Today, John Kerry is set to sign the UN treaty on guns , but neither he nor President Obama can enact a single provision of that treaty without consent of the senate and legislation passed by both houses of congress and a constitutional amendment. And since the senate would need 67 votes in order to ratify the treaty, it appears to be all but dead in the water.
Before the law can go into effect, the senate would need to ratify the treaty with 67 votes. Some of the provisions, would need legislation passed in order to control the sales and importation of the guns. The House would find that unjustified and the democrats would need to take back control of the house in 2014 to even make it possible.
But more importantly, it would take a constitutional amendment, passed by 67% in each chamber of congress, then ratified by 34 states, a seemingly impossibility. Since the 2nd amendment gives citizens the right to own and carry arms, only a constitutional amendment could alter that right. And in fact, even if the senate would consent to the treaty, the Supreme Court would be obliged to throw it out on constitutional grounds.
Addressing these various arguments against the UN treaty, Sen Bob Corker, R-Tenn, wrote a letter to President Obama, advising him not to try to impliment any part of the treaty without senatorial consent. He also noted the need to change US, which requires a vote by both chambers. Here is his letter:
Dear President Obama,
It is my understanding that Secretary of State John Kerry will sign the United Nations Arms Trade Treaty (ATT) on behalf of the United States. The ATT raises significant legislative and constitutional questions. Any act to implement this treaty, provisionally or otherwise, before the Congress provides its advice and consent would be inconsistent with the United States Constitution, law, and practice.
As you know, Article II, Section 2 of the United States Constitution requires the United States Senate to provide its advice and consent before a treaty becomes binding under United States law. The Senate has not yet provided its advice and consent, and may not provide such consent. As a result, the Executive Branch is not authorized to take any steps to implement the treaty.
Moreover, even after the Senate provides its advice and consent, certain treaties require changes to United States law in the form of legislation passed by both the House and Senate. The ATT is such a treaty.
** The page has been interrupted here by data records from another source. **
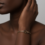 BRACELET GOURMETTE FEMME PLAQUE OR ROND ZIRCONS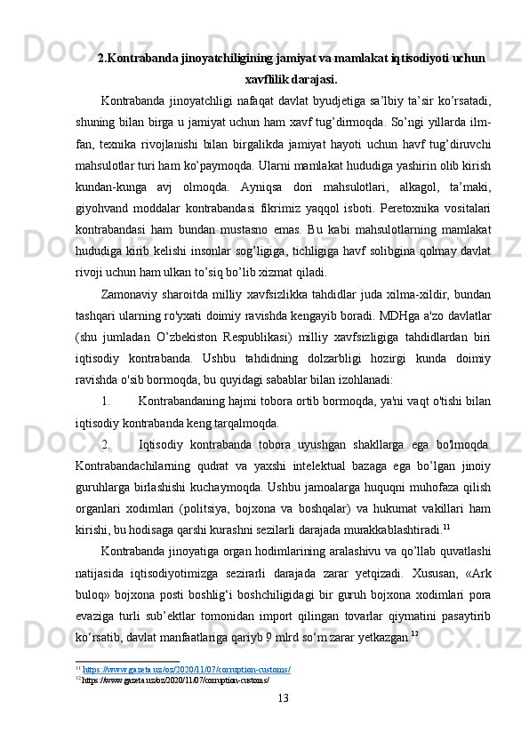 g’ayriqonuniy  olib o’tishnigina kontrabanda deb hisoblash o’rinli bo’ladi. 7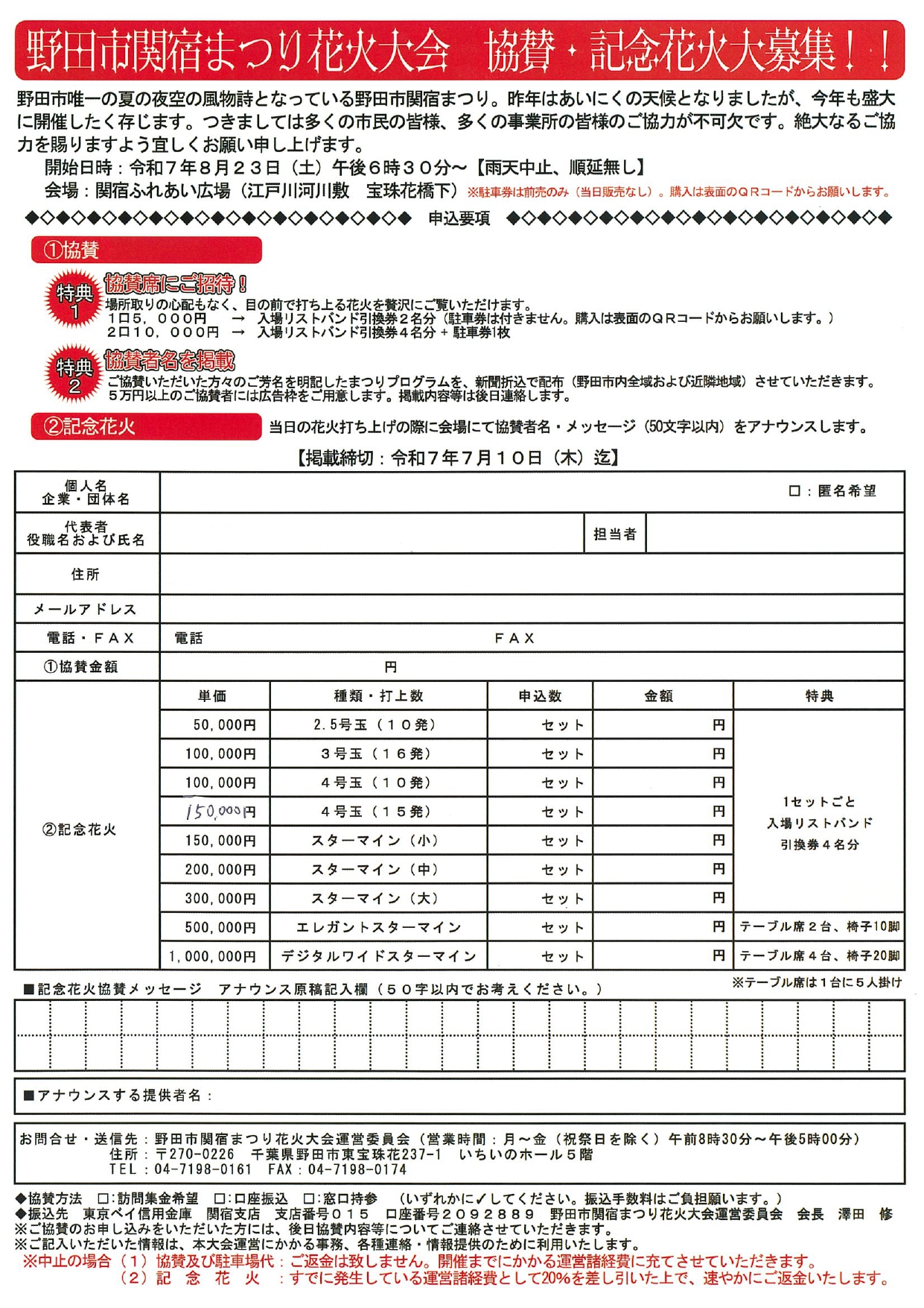 平素より野田市関宿まつり花火大会に温かいご支援を賜り、誠にありがとうございます。

Various provisions of the ATT, including but not limited to those related to the regulation of imports and trade in conventional arms, require such implementing legislation and relate to matters exclusively reserved to Congress under our Constitution.
Because of the concerns discussed above, as well as the fundamental issues the ATT raises with respect to the individual rights protected by the Second Amendment of the United States Constitution, as the Ranking Member of the Senate Foreign Relations Committee, it is my view that you may not take any executive action to implement this treaty, provisionally or otherwise, unless and until: (1) the United States Senate has provided its constitutionally required advice and consent to its ratification; and (2) the Congress has passed any and all required legislation to bring this treaty into effect under United States domestic law.